Tin sulfide (SnS) is an earth-abundant, environmentally friendly semiconductor material with a bandgap of about 2 eV, which has potential in applications such as photovoltaics and photocatalysis. The two-dimensional nature of the SnS structure is analogous to that of black phosphorus and may provide a chance to fabricate films with a high surface area. However, these advantageous characteristics of SnS have not been widely explored due to the challenges associated with its synthesis, such as the control of phase purity and thickness.

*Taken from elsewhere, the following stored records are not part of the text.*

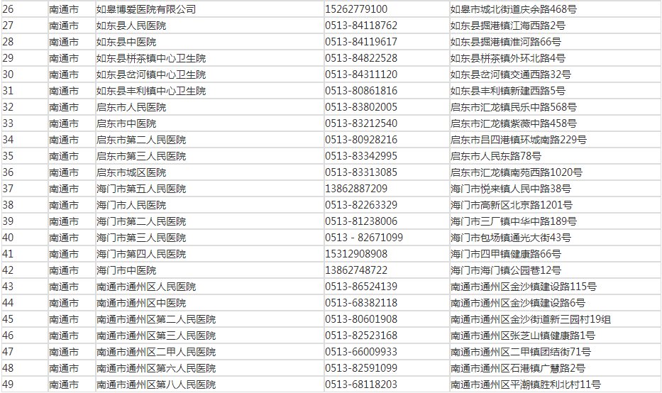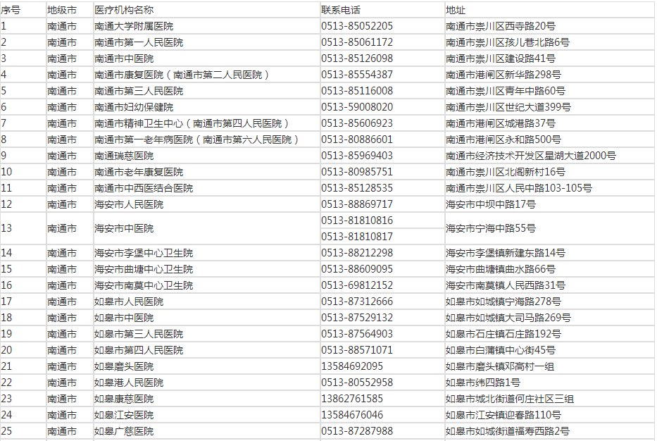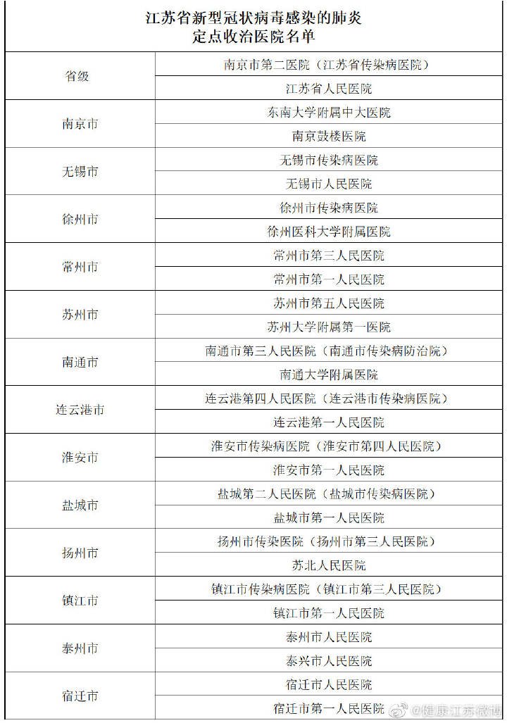 一、江苏省新新冠状病毒感染的肺炎定点收治医院名单
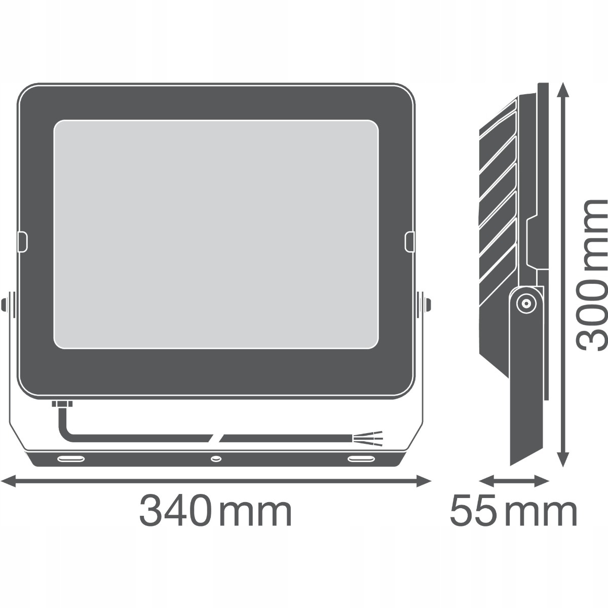прожектор має гнучкий провід довжиною 1 м, трижильний з товщиною 3 x 1 мм.
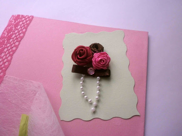 Pegué el trozo de cartulina en el sobre y le pegué el cordón de perlitas y encima las flores mas un lacito.

Yu Kwon Kim, Ajou University, Suwon, Republic of Korea, Joondong Kim, Incheon National University, Republic of Korea, and colleagues have studied a SnS film grown on a transparent conducting oxide (TCO) and explored its role in photocatalytic H2 production. The team successfully grew high-quality, thickness-controlled nanodisk-shaped SnS films by an in-situ structural transition of sputter-deposited SnS2 films and characterized their physical properties.
The researchers then studied the photocatalytic water splitting performance of the SnS films and found that the films show a fairly good quantum efficiency for H2 evolution. Due to the favorable band alignment as well as the good photoresponse of the film, good photoelectrocatalytic hydrogen production in the order of 100 μmol h–1 cm–2 was observed.
- Facile Formation of Nanodisk-Shaped Orthorhombic SnS Layers from SnS2 Particles for Photoelectrocatalytic Hydrogen Production,
Malkeshkumar Patel, Xiaomei Yu, Yu Kwon Kim, Joondong Kim,
ChemNanoMat 2017.
DOI: 10.1002/cnma.201700118